I received a packet of papers from Thomas’ school via the US mail today. There were various consents forms I have to sign every year giving my permission for Thomas to receive various medications and treatments as needed. It struck me today that I’ll always have to sign for him. Tommy and I are his official legal guardians. (Side note: no one bat an eye when we took that baby home from the hospital without any sort of training or guidebook, but good gravy we were finger printed and background checked to be his guardians after the age of 18…) Tommy or I will always have to give consent for Thomas for one thing or another, or…will have to advocate against a situation or two hopefully not in the near future.
Alyssa is looking at colleges. She’s 17 years old and by the time she goes away to the college of her choice she’ll be a legal adult. The cord will be cut and it will be final. I’ll have no legal leg to stand on if I disagree with her decisions. It’s such an odd comparison between Thomas and Alyssa. When they were small the chasm between them was not that wide. I mean we knew Thomas had issues and that there was something wrong with him we just didn’t know what and had little to no help in finding out what that was at that time in our life. To go from remembering them both as young preschooler and toddler to now acknowledging the adulthood of both of them. One on one end of adulthood and the other on another end of adulthood is a little hard to digest some days.
It started this afternoon when the mail arrived and I realized what Thomas’ school had sent me. I filled out the blanks and signed where I was supposed to sign. I called the nurses to question a medication change but all in all it was pretty uneventful except for the tug on my emotions that this is something Tommy or I will always have to do. Approve or disapprove decisions for Thomas.
Not soon after dinner Alyssa was talking to me about colleges and dorming (she is determined to dorm and that’s ok). I enjoyed our conversation. She’s worried about the financial aspects of certain colleges and we discussed that and other fears she has surrounding getting accepted to certain schools. I wanted to tell her to keep praying on it but I was interrupted by Samantha. I will tell her tonight to keep praying to God about the colleges. To give it to Him. He will make a way when there is no other.
I have an interesting spectrum and definitions of adulthood here in my little family.
Why do people donate badly stained or ripped/torn clothing? I’m not talking cool ripped denim jeans I mean blouses with horrid pit stains and sweaters with obvious moth holes. I don’t get it. Maybe because I’m an avid thrift shopper I only donate things that I would buy. If it’s stained or ripped it goes in the garbage not to the donate pile.

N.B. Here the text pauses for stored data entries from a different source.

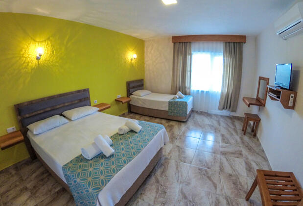 Odalarda ise standart olarak dolap, klima, mutfak eşyaları, buzdolabı, televizyon ve saç kurutma makinesi gibi eşyalar bulunuyor.
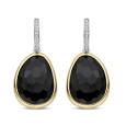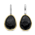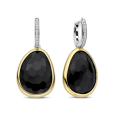 Strieborné dámske náušnice TI SENTO so žltým pozlátením s čírymi zirkónmi a čiernym kameňom majú elegantný visiaci tvar s jemným leskom.
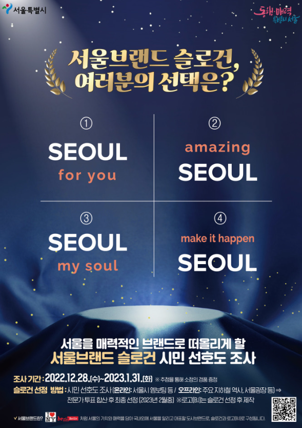 서울을 대표하는 신규 브랜드 슬로건 시민 선호도 조사에 참여해주세요.
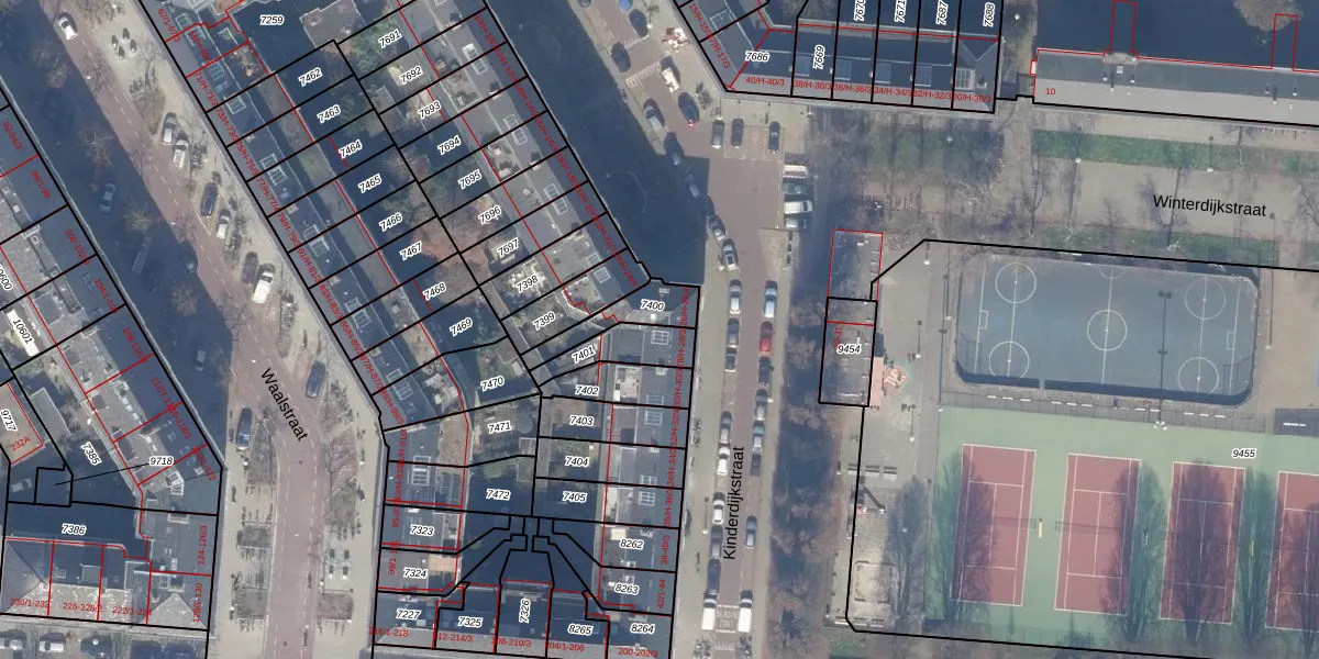 Het perceel waarop het adres ligt is ASD18-V-7401. De afkorting 'ASD18' staat voor kadastrale gemeente Amsterdam. De gemiddelde perceelgrootte in Amsterdam is 559,23 m². Dit perceel is kleiner: de perceeloppervlakte bedraagt 120 m². Het kleinste perceel in de kadastrale gemeente is 0 m² groot. De grootste perceeloppervlakte is 12,5 ha. Op het perceel liggen in totaal 4 adressen. In de Basisregistratie Kadaster (BRK) werden de grenzen van het perceel geregistreerd op 14-12-2006.

Speaking of which I had a slight laugh when I was thrifting today. I came across 3 tops I donated and yes it took me a minute to realize they were once mine. No, I didn’t buy them back 😜.
I did pretty good today at the thrift. I happened upon a really nice lightweight denim dress that retails for about $180.00 the name is “Bella Blue”. Who knew? Not me that’s for sure. I learned a new high end retail name today. I also bought a new Hollister tank with stones at the neckline and a new silk blouse. Everything is washed and pressed and hanging in my closet ready to be worn.

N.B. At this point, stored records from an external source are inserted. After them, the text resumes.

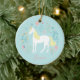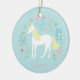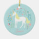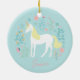 Unicorn Flowers Pink Aqua Personalised Ceramic Tree Decoration
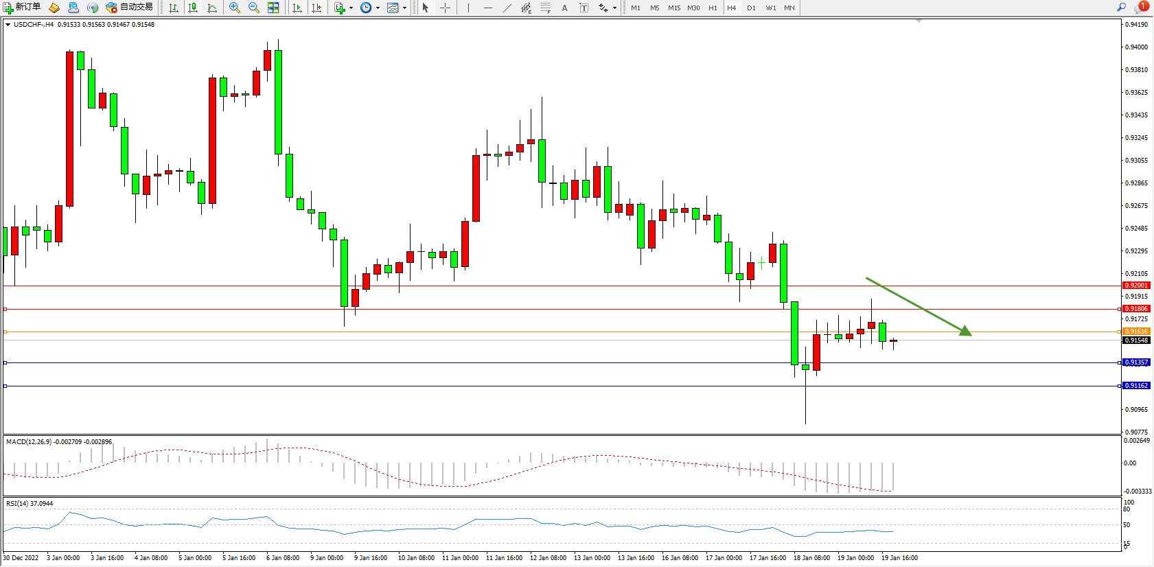 交易策略:0.91616下方看跌,目标0.91357、0.91162
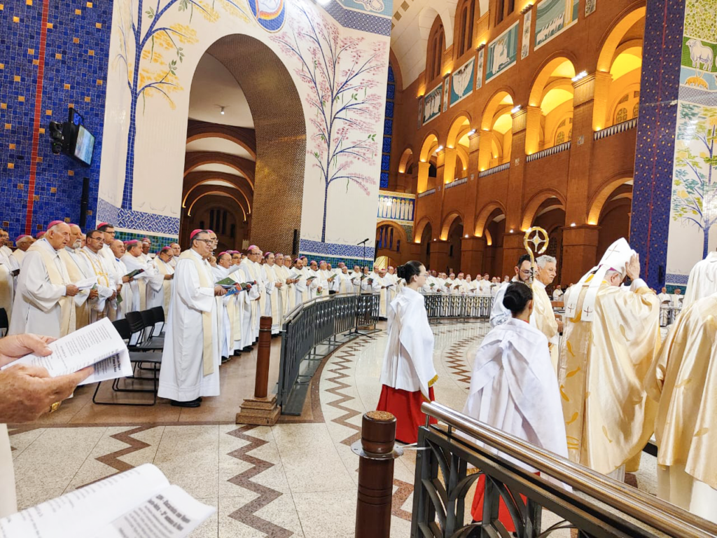 As atividades do oitavo dia foram concluídas com a celebração da Eucaristia no Santuário Nacional de Nossa Senhora Aparecida, presidida pelo Núncio Apostólico no Brasil, Dom Giambattista Diquattro. Em sua homilia, o Núncio reforçou a importância da unidade episcopal e da missão evangelizadora da Igreja no Brasil.
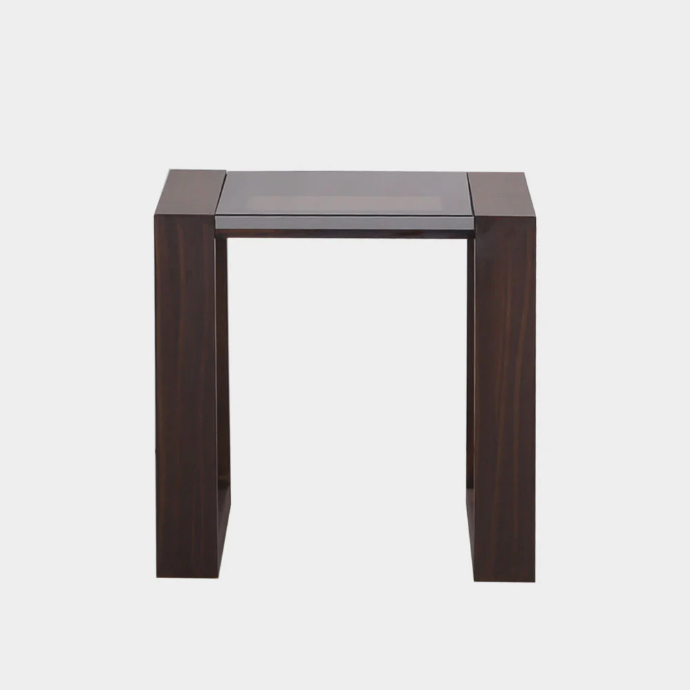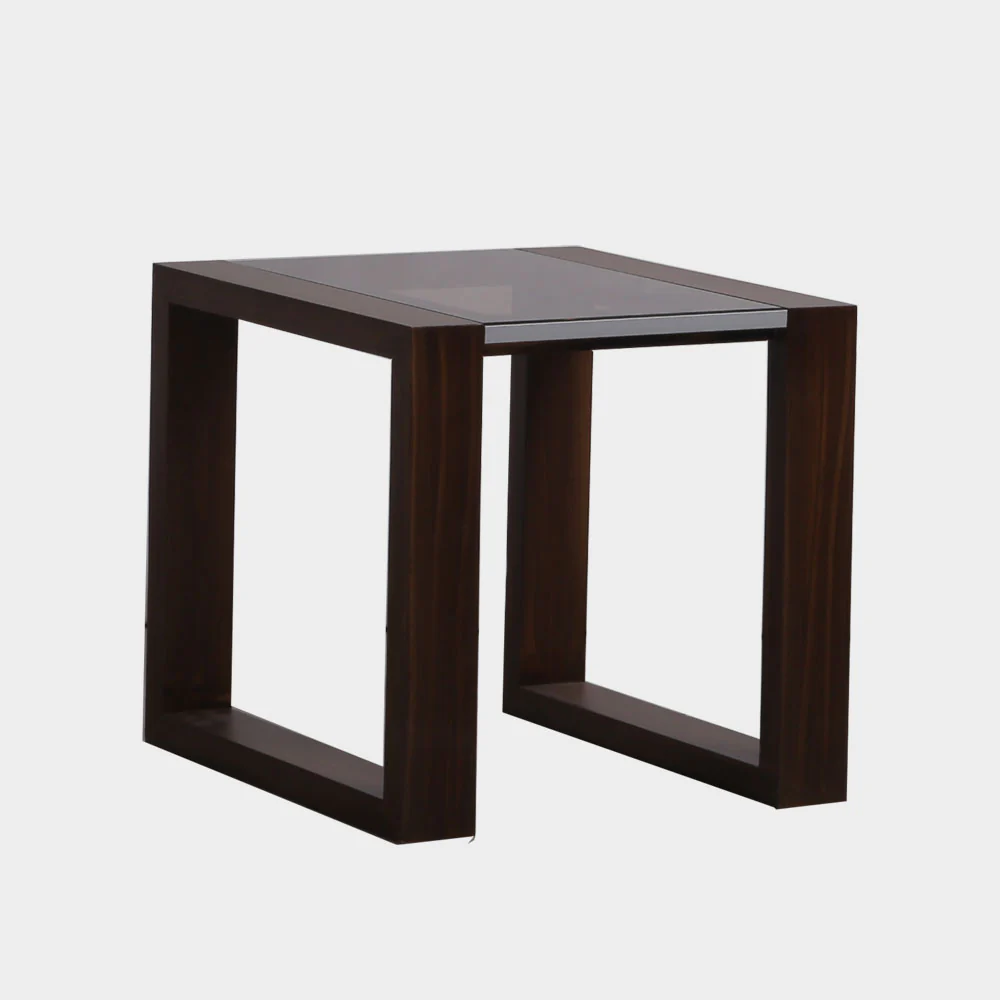 A Modern Contemporary style side table made from kiln dry solid wood, with tempered bronze glass table top and aluminum edging detail. Size: L60xW60xH60 cm Weight capacity: 10 kg
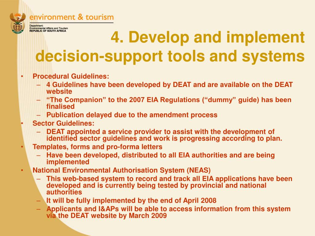 4. Develop and implement decision-support tools and systems • Procedural Guidelines: • 4 Guidelines have been developed by DEAT and are available on the DEAT website • “The Companion” to the 2007 EIA Regulations (“dummy” guide) has been finalised • Publication delayed due to the amendment process • Sector Guidelines: • DEAT appointed a service provider to assist with the development of identified sector guidelines and work is progressing according to plan. • Templates, forms and pro-forma letters • Have been developed, distributed to all EIA authorities and are being implemented • National Environmental Authorisation System (NEAS) • This web-based system to record and track all EIA applications have been developed and is currently being tested by provincial and national authorities • It will be fully implemented by the end of April 2008 • Applicants and I&APs will be able to access information from this system via the DEAT website by March 2009
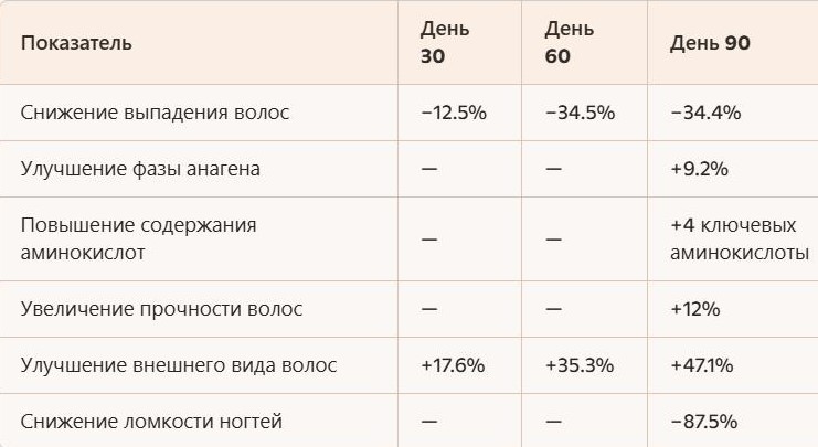 Результаты показали, что прочность волос увеличилась на 5,9% через 90 дней приема Cynatine.

I’ve been doing some soul searching lately and I’m in a spiritual rut. I need that fire that can only come from the Holy Spirit. I’ve talked and prayed about it and I’m going to attend another bible study tonite. I went to one last night but it didn’t do it for me. I also emailed one of the church staff members asking if he needed any volunteers for anything. I need to be with others and I want to serve or rather I need to serve. I felt a little better after I wrote the email. I also had a wonderful and insightful conversation with Louise who runs tonight’s bible study. Louise is just so good. I’m glad I have her in my life. I listen to a lot of christian music and it is so uplifting and speaks so much to my soul. I adore the band Casting Crowns. Their song “Just Be Held” speaks volumes to me lately.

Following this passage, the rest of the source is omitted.